With pictures excluded, copy word for word the lines in the data below from the line containing "Twizler Funny Christmas" through the line containing "Портативный аккумулятор Ugreen".

---*---

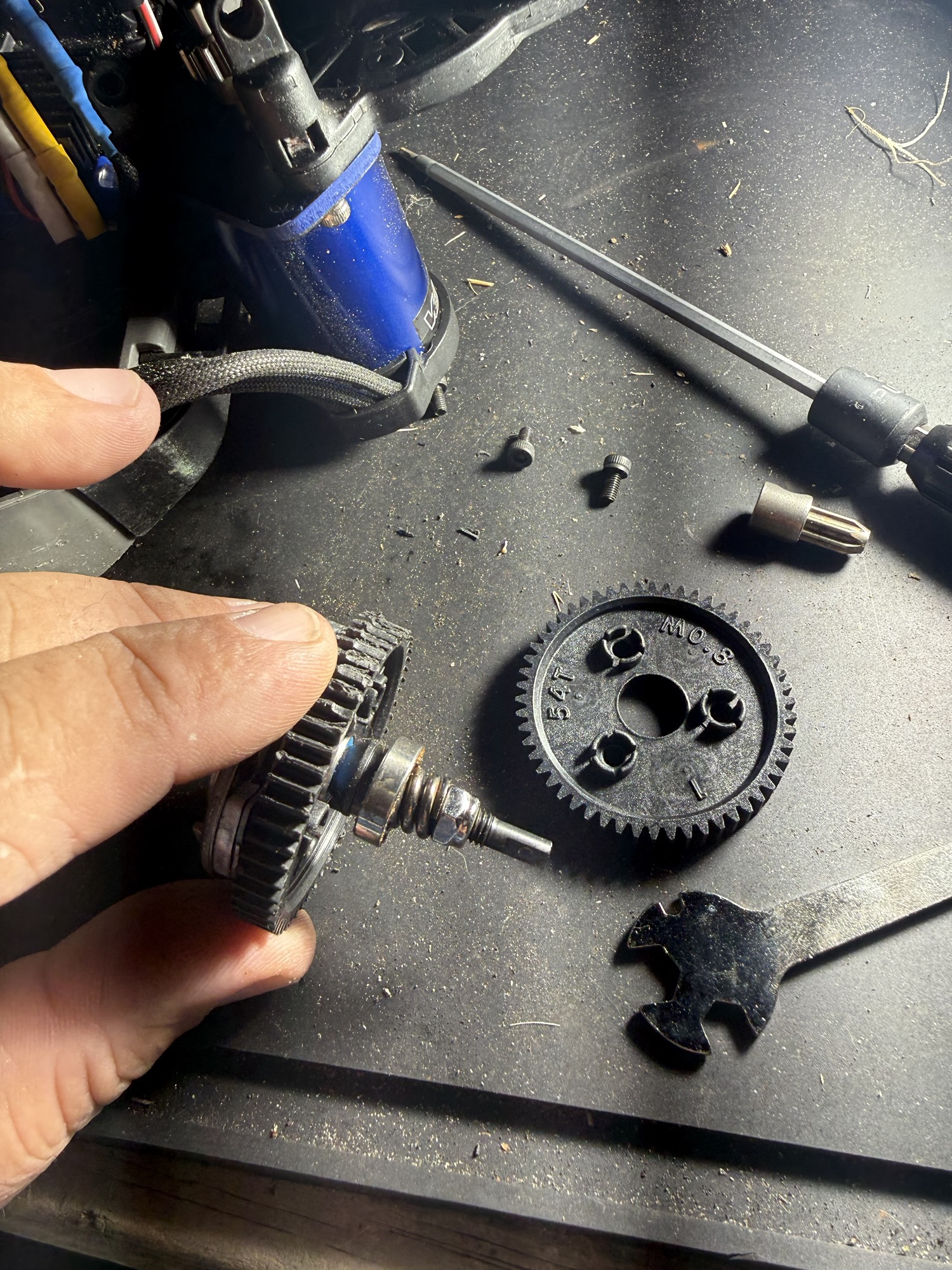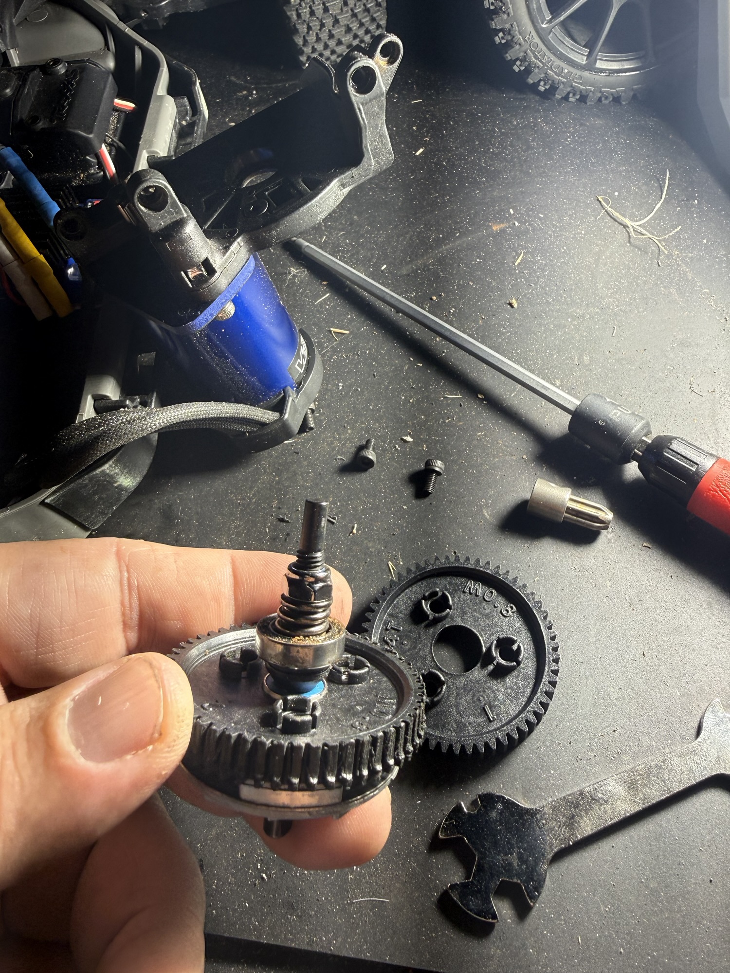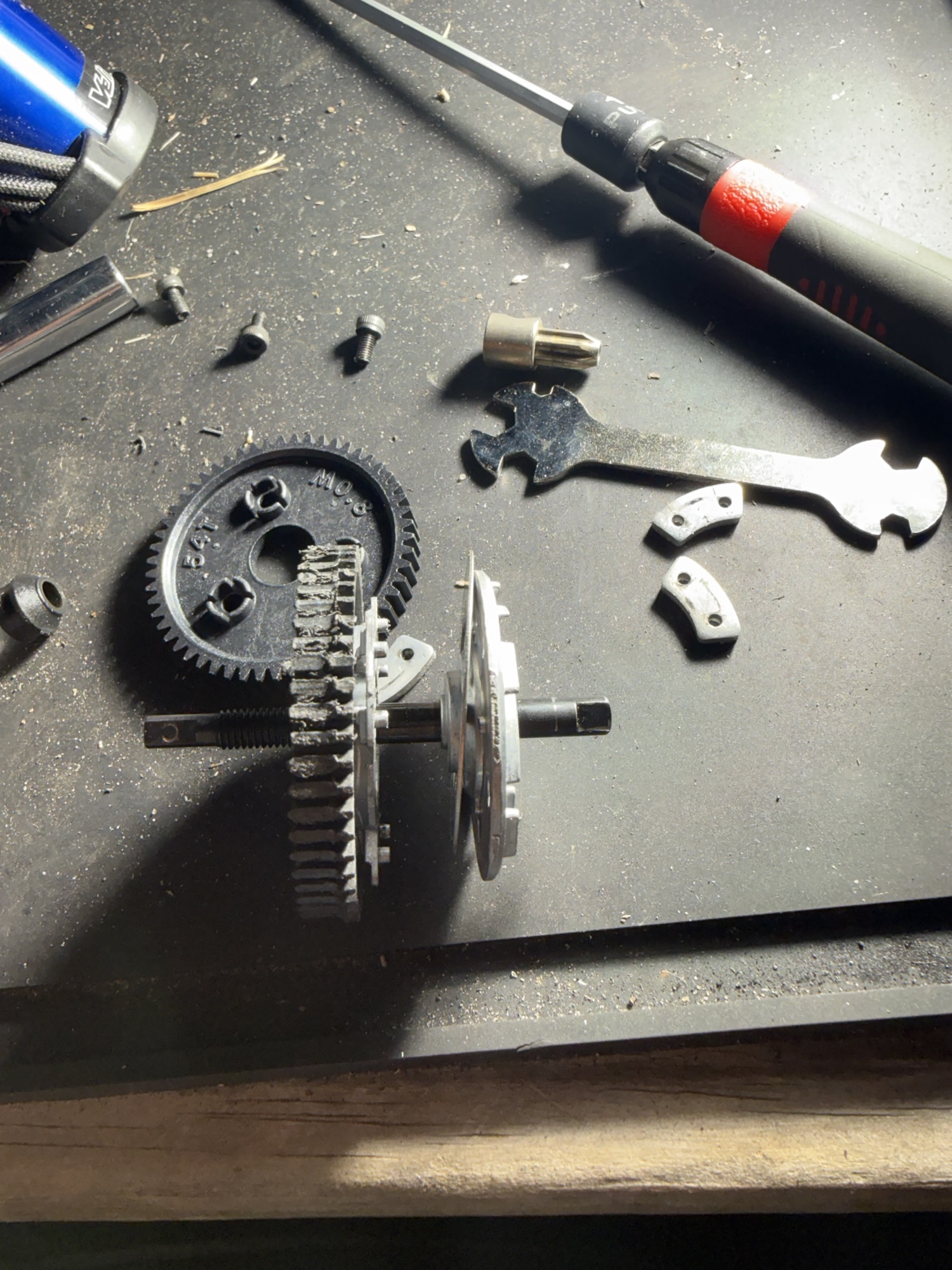 - I loosened the set screw holding the rear spur gear and slipper clutch assembly to the drive axle.
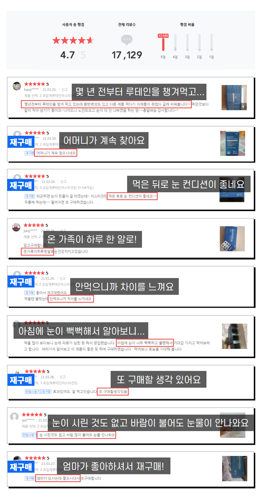 * 뉴트리코어 루테인아스타잔틴 네이버 공식스토어 실제 리뷰를 발췌하여 정리했습니다.
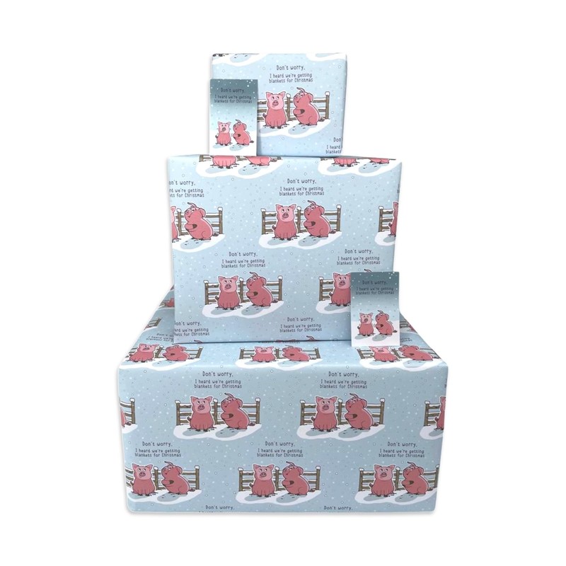 Twizler Funny Christmas Wrapping Paper - Pigs In Blankets - 4 Sheets & 4 Tags - 70cm x 50cm Folded Sheets - Funny Xmas Gift Wrap
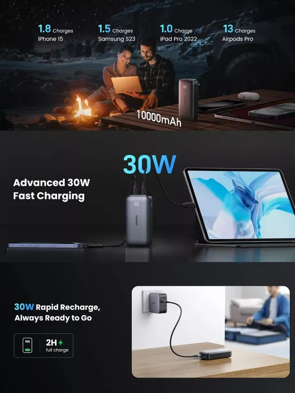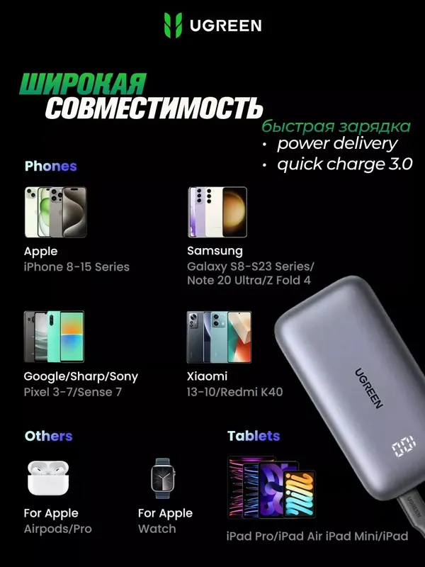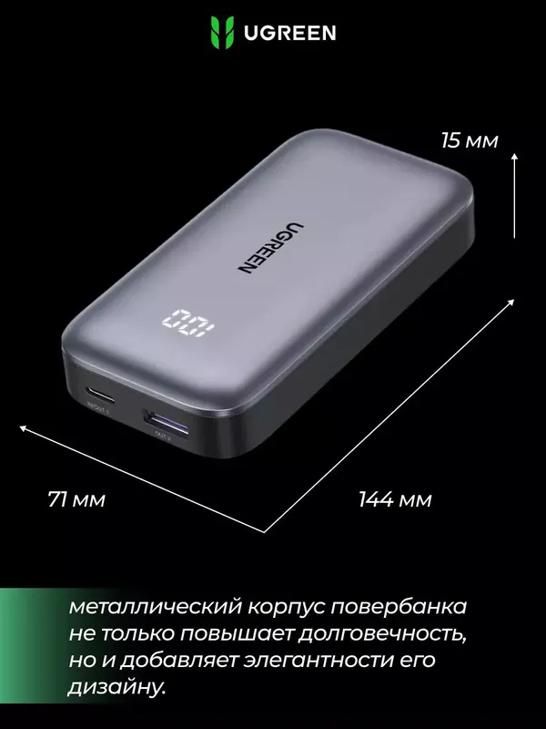 Портативный аккумулятор Ugreen , 10000 мАч, 30 Вт, серый, 25185_
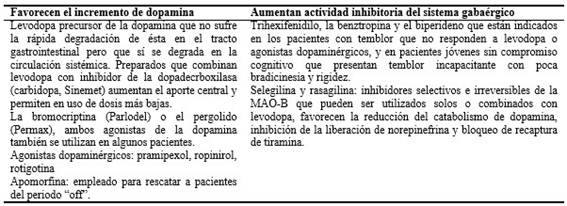 Su tratamiento va dirigido fundamentalmente a controlar los síntomas. Se aplican diferentes estrategias en el uso de fármacos por influir diferentes factores como la dependencia de la edad, tiempo del padecimiento de la enfermedad, grado de tolerancia de los efectos de los fármacos.
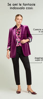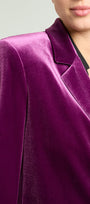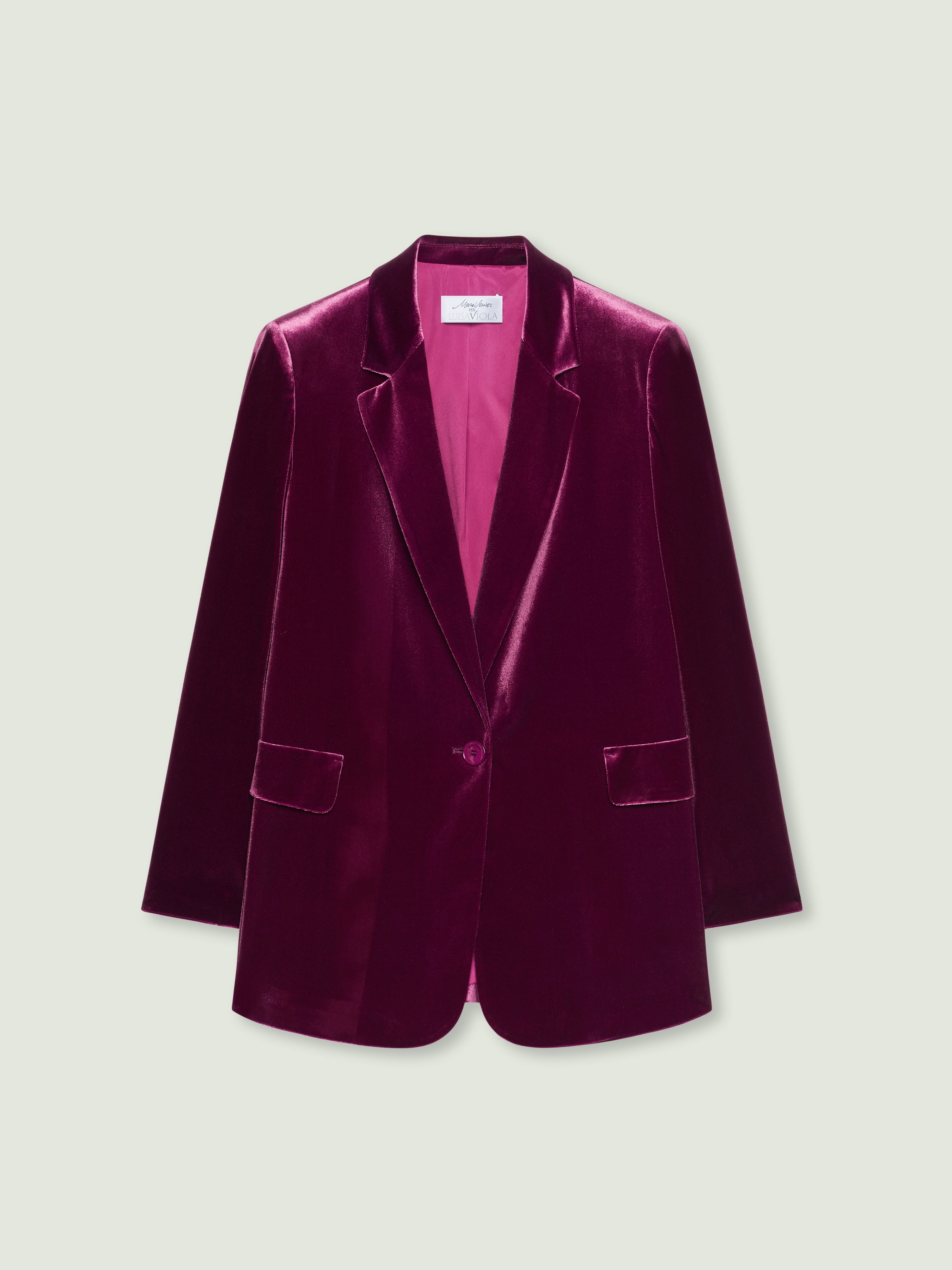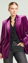 Blazer dalla linea leggermente sciancrata, realizzato in un confortevole velluto elasticizzato. Collo e rever, pattine, chiusura con asola e bottone, foderato. Abbinabile anche a tailleur con pantaloni nello stesso tessuto.
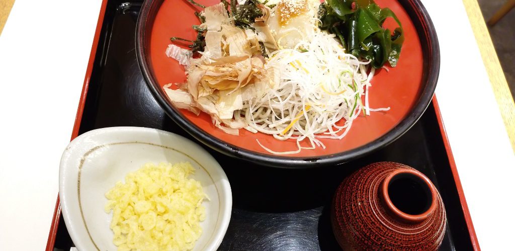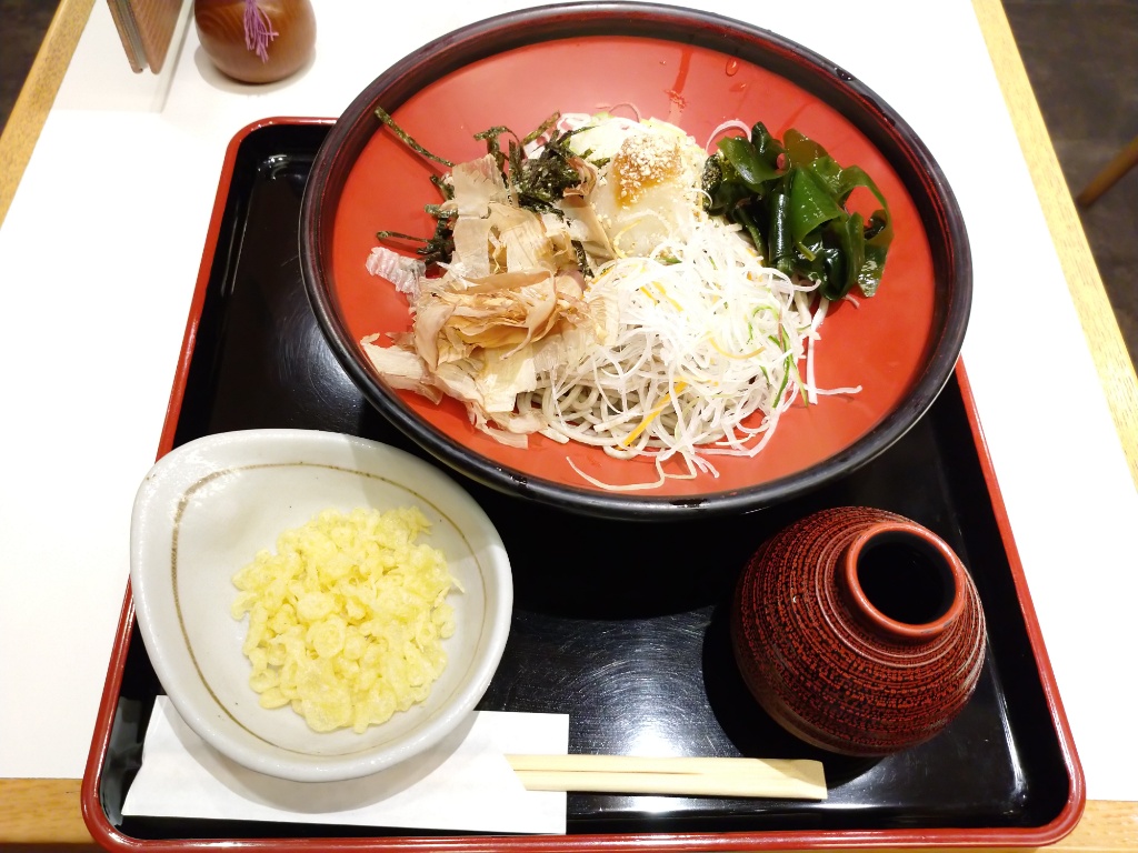 具だくさんのそばってどうなの?って最初はちょっと思ったけど、大根おろし、わかめ、鰹節などのさっぱり具材がそばとつゆと合わさって、良いハーモニーを生み出していました。揚げ玉がサクっとアクセントになっててよいです。
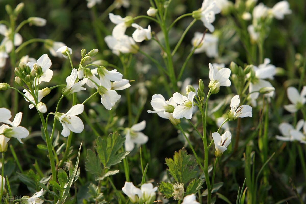 碎米荠是非常有趣的花。一旦果实成熟便一下子绷开向外散播种子。由于它传播种子的情形十分积极,因此它的花语是“热情”。
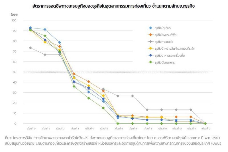 รวมทั้งข้อมูลปฐมภูมิจากการสัมภาษณ์ผู้ประกอบการและแรงงานในอุตสาหกรรมการท่องเที่ยว พบว่ารายได้จากนักท่องเที่ยวต่างชาติจะลดลงประมาณ 4.4 แสนล้านบาท จากปี 2563 จังหวัดที่ได้รับผลกระทบมากที่สุด คือ ภูเก็ต กรุงเทพฯ และชลบุรี ซึ่งมีสัดส่วนของนักท่องเที่ยวต่างชาติมากที่สุด ธุรกิจที่ได้รับผลกระทบ คือ ธุรกิจนันทนาการ ธุรกิจนำเที่ยว ธุรกิจอาหารและเครื่องดื่ม ธุรกิจจำหน่ายสินค้าและของที่ระลึก ธุรกิจโรงแรมที่พักและธุรกิจขนส่งตามลำดับ
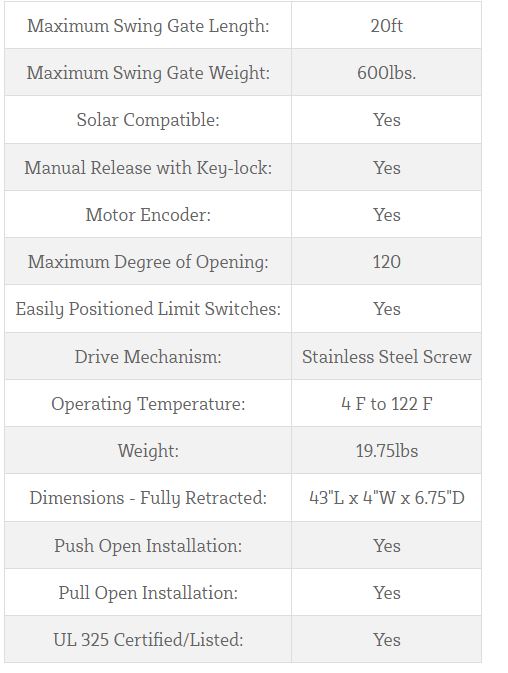 12V actuator for swing gates up to 20 feet long and 600 lbs. Features mechanical release mechanism, nonrotating extension tube and modular design that is easily repaired if necessary.

---*---

Answer for the task
 Twizler Funny Christmas Wrapping Paper - Pigs In Blankets - 4 Sheets & 4 Tags - 70cm x 50cm Folded Sheets - Funny Xmas Gift Wrap
 Портативный аккумулятор Ugreen , 10000 мАч, 30 Вт, серый, 25185_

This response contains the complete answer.